The absence of an effect of drinking pattern is noteworthy. There is a growing literature suggesting that, in addition to regular heavy drinking, episodic heavy drinking is associated with increased total and CVD mortality [5, 6, 34]. We tried a number of ways to specify drinking patterns in our data. Except for alcohol-related causes of death, we did not detect significant effects of binge drinking on mortality, although the graduate frequency questionnaire is better suited to assess drinking pattern than the traditional separate questions on average or last week intake and the frequency of any drinking [19]. The absence of an effect on mortality is consistent with the finding that binge drinking in these cohorts was not associated with blood pressure (while there was a strong effect of drinking volume) [35], and with an earlier Novosibirsk cohort which also failed to find strong effect of drinking pattern [11].

Most previous studies on alcohol in Eastern Europe focused on males. Our findings and the studies by Zaridze et al. [13, 14] suggest that the effects of heavy drinking in women are of a similar magnitude as in men. Interestingly, the Arkhangelsk study reported increased mortality only in female drinkers, not in males [30].

It has been suggested that some CVD deaths in Russia could be wrongly coded alcohol poisoning [36]. For this reason, Zaridze et al. included acute non-MI CHD deaths (ICD-10 code I24) into the alcohol-related causes [14]. There were only 7 such deaths in our study; instead, we were more concerned about potential miscoding of deaths from chronic CHD (ICD-10 code I25) in Novosibirsk. However, the association of these deaths with alcohol was similar to that of all CVD deaths and weaker than with alcohol-related causes, not supporting the hypothesis that a particular category of CVD deaths were systematically misdiagnosed in relation to alcohol intake.

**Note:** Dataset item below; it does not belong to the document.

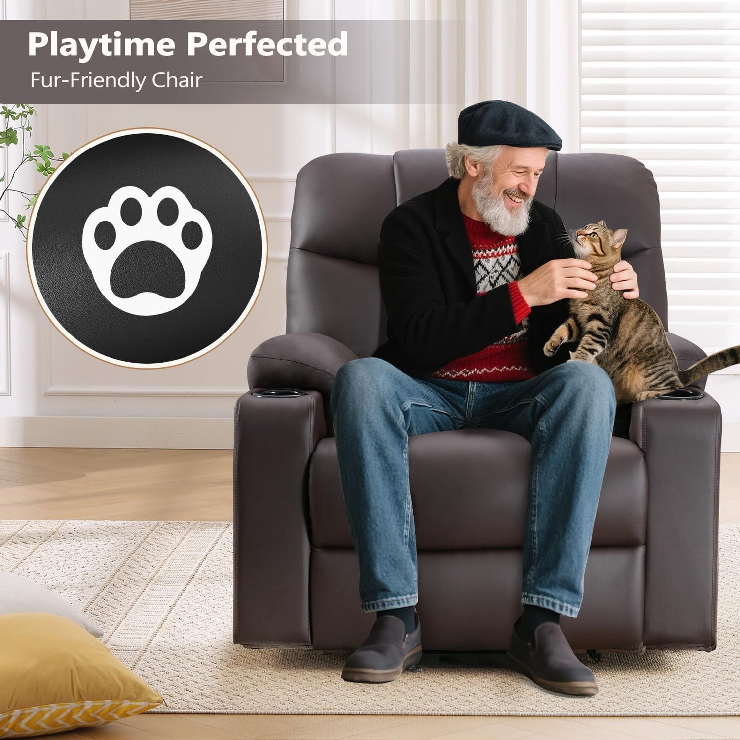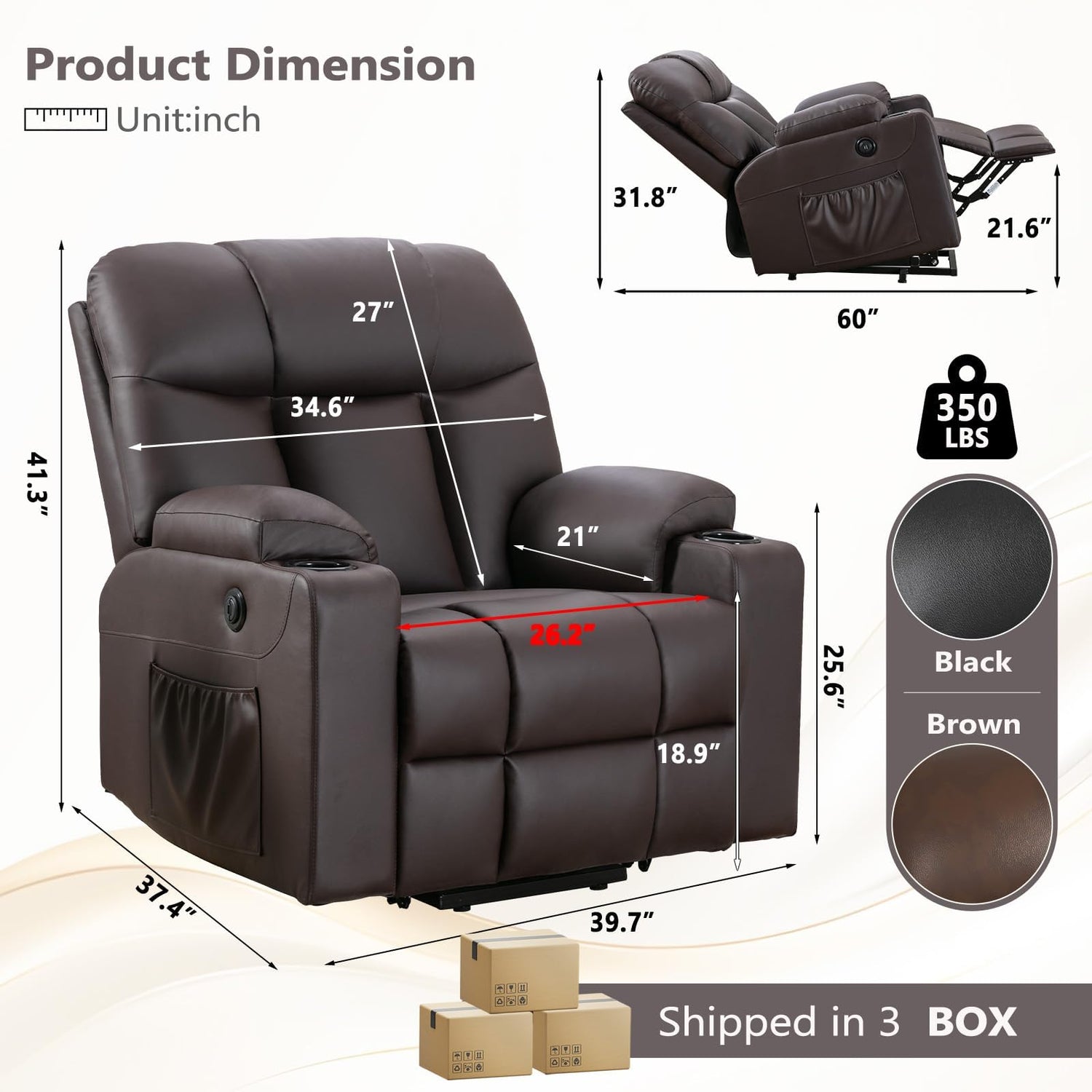 Details: The ANJ Brown Power Lift Recliner Chair for Elderly with Massage and Heat offers comfort, support, and independence. Wrapped in elegant brown faux leather, this electric recliner sofa is designed with a quiet motorized lift system to help seniors stand or recline easily. With 5 massage modes and waist heating, it soothes the waist, back, and thighs. Its ergonomic contours, plush padding, and breathable upholstery provide all-day comfort, while USB charging port, dual cup holders, and side pockets add modern convenience. Built with a heavy-duty steel frame, this recliner supports up to 350 lbs, making it reliable and durable. Perfect for living rooms, bedrooms, or home theaters, this ANJ brown massage lift recliner chair blends classic design with functional features. Shipped in 3 secure boxes for safe delivery.

An important issue is the population impact of alcohol on mortality. Alcohol has been widely seen as a major cause of premature deaths in Russia, particularly at younger ages [13, 14, 37, 38]. Our data, and our approximate estimations based on results by Zaridze et al. [14], suggest population attributable risk fractions around or under 10 % for all-cause mortality in both the previously reported Russian cohort in the age group 55–74 years [14] and in this study. These figures are probably underestimates, because of measurement error (leading to underestimation of relative risk), underestimation of alcohol intake (particularly in women [26, 27]), and the fact that participants aged 45 years and older were drinking less than at their lifetime peak alcohol intake. Nevertheless, our estimates appear substantially lower than previously reported [12, 13, 15]. This is consistent with the finding was that although– in line with national statistics– the male mortality in Russia was double of that in the Czech and Polish cohorts, alcohol did not explain a major part of this excess. As the response rates and other issues potentially affecting attributable mortality estimation are similar across cohorts, the unexplained high male mortality in the Russian cohort, compared to the other three cohorts, is unlikely to be due to these biases.

Conclusions

There is no doubt that alcohol is an important cause of mortality in Eastern Europe and globally, and the associations of alcohol with mortality in this study were broadly in line with those reported elsewhere. It remains uncertain, however, whether the high long-term mortality rates of middle aged and older persons in Russia are caused predominantly by alcohol and what is the contribution of other factors.